EXERCISE INSTRUCTIONS ->
The task calls for the lines below from the line with "Rasiermesserscharfe Klinge (20" to the line with "アレルギーテスト済み / 敏感肌のかたの協力によるパッチテスト済み", both ends included, copied exactly, without any pictures.

SUPPLIED ENTRIES Start Marker

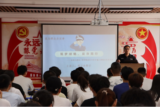 为有效预防和及时控制校园可能发生的各类诈骗,增强学生的自我安全防范意识和自我保护能力,6月1日,水利与建筑工程学院举办“筑梦胡杨,反诈同行”防电信诈骗主题宣讲活动,由大学派出所民警谭川林宣讲,大一至大三各班班长和团支书听取宣讲。
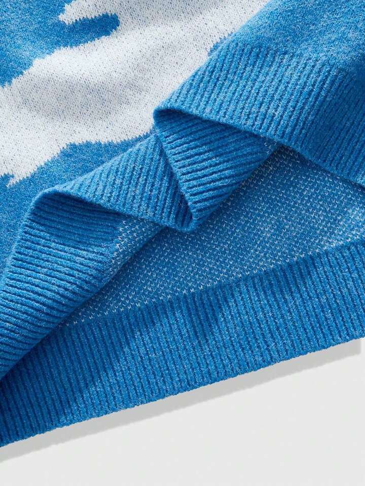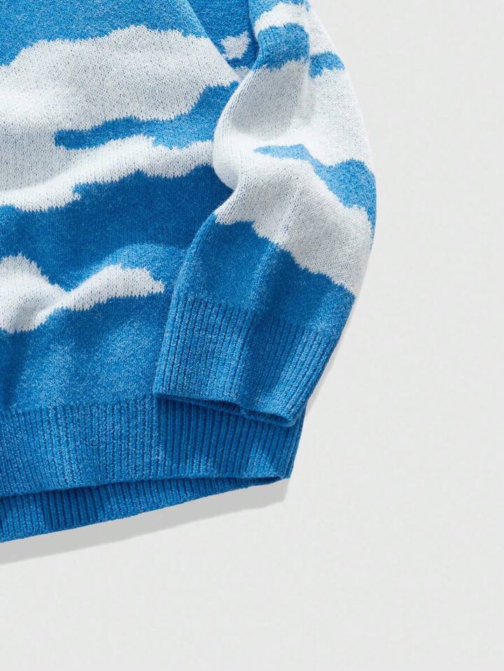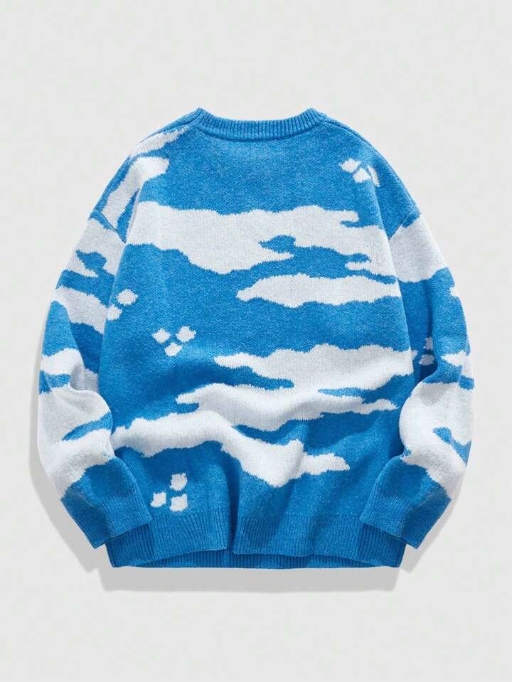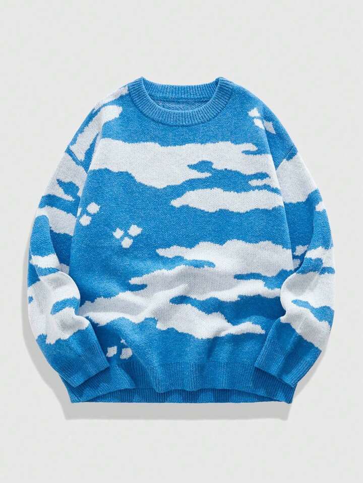 Street Life Men's Round Neck Blue Sky & White Cloud Knit Sweater, Street Fashion, Fall Winter
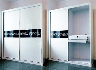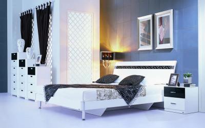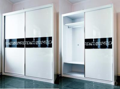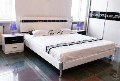 Спальня Ажур от Мир Мебели София в стиле модерн покрыта устойчивой глянцевой краской двух цветов: чёрного и белого. Чёрный цвет придаст строгости интерьеру, белый - добавит света, хромированные детали - современности, а растительные узор на изголовье кровати и фасадах шкафа - романтизма.
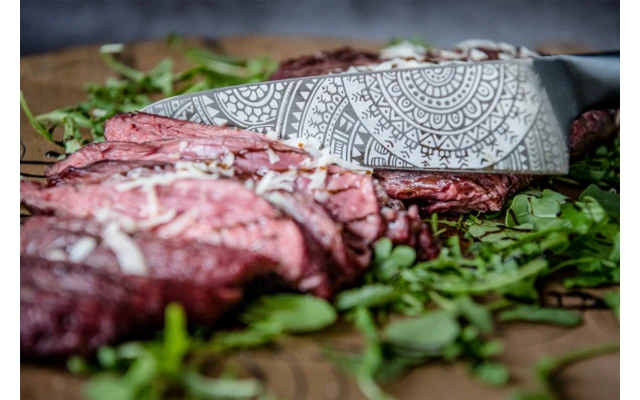 Rasiermesserscharfe Klinge (20 cm) aus rostfreiem 3Cr13-Stahl. Griff aus rostfreiem 420er Stahl mit geschwärzter Beschichtung (lebensmittelecht!). Die Härte der Klinge beträgt 52-54 Rockwell (HCR). Es wird empfohlen, das Messer von Hand zu reinigen (nicht in der Spülmaschine), um sicherzustellen, dass es seine Schärfe behält.
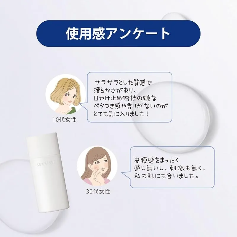 【海の環境に配慮した処方】一部の国・地域の規制に配慮した海に流れ出にくい処方です。 紫外線だけでなく、大気中の微粒子(花粉・PM2.5・ちり・ほこりなど)までブロック。化粧下地としてもお使いいただけます。ふだんお使いの洗顔料やボディソープで落とせます。 アレルギーテスト済み / 敏感肌のかたの協力によるパッチテスト済み / スティンギング(皮膚刺激感)テスト済み ※すべてのかたにアレルギーや皮膚刺激が起きない、刺激感がないというわけではありません。
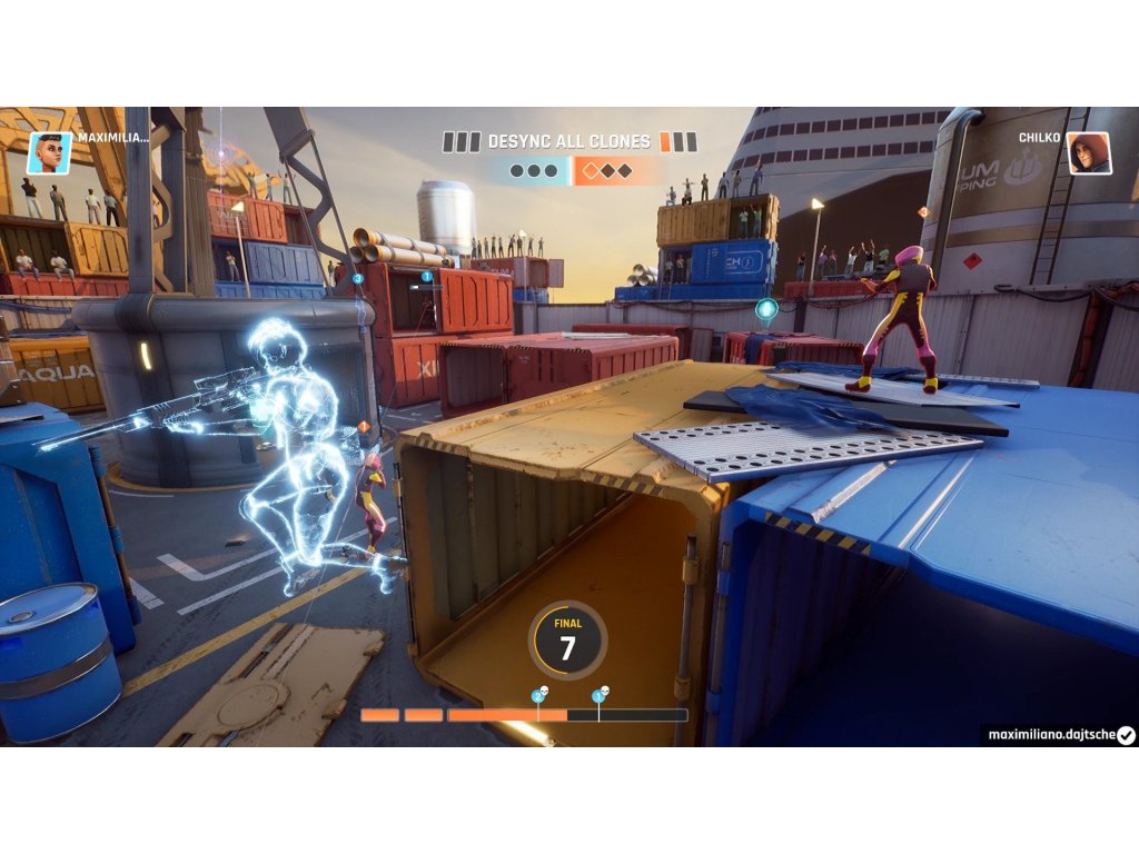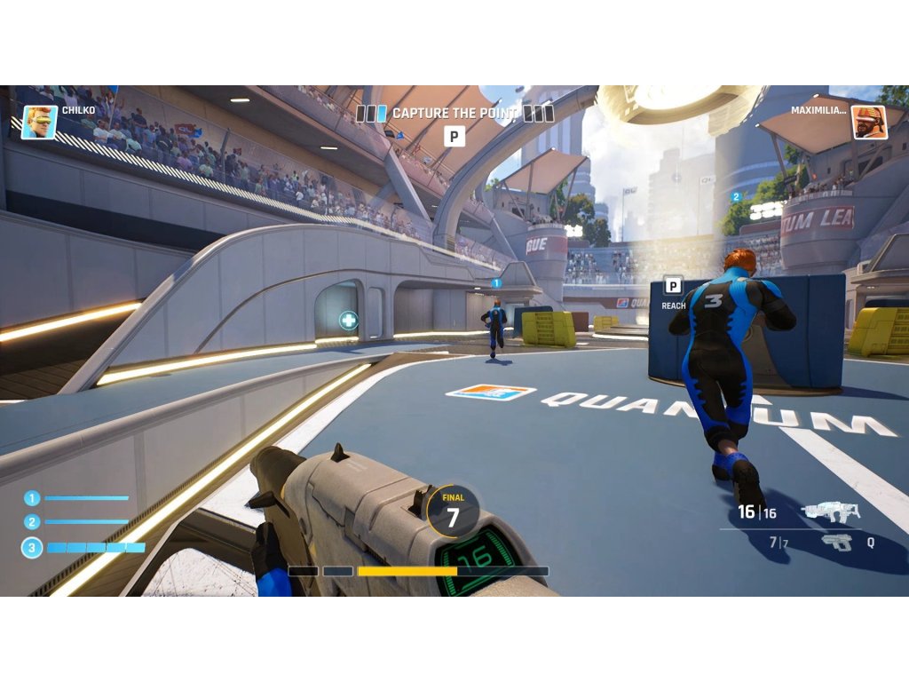 Jako Quantum Athlete soutěžíte v zápasech 1v1 a 2v2 ve speciálně navržených arénách s funkcí časové smyčky, která vás přetočí a oživí, což vám umožní takticky se spojit sami se sebou. Vaším cílem je ovládnout žebříček sportu a honit statussuperstar s odměnami velké slávy a bohatství, jak budete postupovat. Ale hbitost, rychlost a dovednosti nestačí k tomu,aby se dostali na vrchol. Důležitá je také schopnost takticky hrát sám se sebou!

SUPPLIED ENTRIES End Marker

RESULT BELOW ->
 Rasiermesserscharfe Klinge (20 cm) aus rostfreiem 3Cr13-Stahl. Griff aus rostfreiem 420er Stahl mit geschwärzter Beschichtung (lebensmittelecht!). Die Härte der Klinge beträgt 52-54 Rockwell (HCR). Es wird empfohlen, das Messer von Hand zu reinigen (nicht in der Spülmaschine), um sicherzustellen, dass es seine Schärfe behält.
 【海の環境に配慮した処方】一部の国・地域の規制に配慮した海に流れ出にくい処方です。 紫外線だけでなく、大気中の微粒子(花粉・PM2.5・ちり・ほこりなど)までブロック。化粧下地としてもお使いいただけます。ふだんお使いの洗顔料やボディソープで落とせます。 アレルギーテスト済み / 敏感肌のかたの協力によるパッチテスト済み / スティンギング(皮膚刺激感)テスト済み ※すべてのかたにアレルギーや皮膚刺激が起きない、刺激感がないというわけではありません。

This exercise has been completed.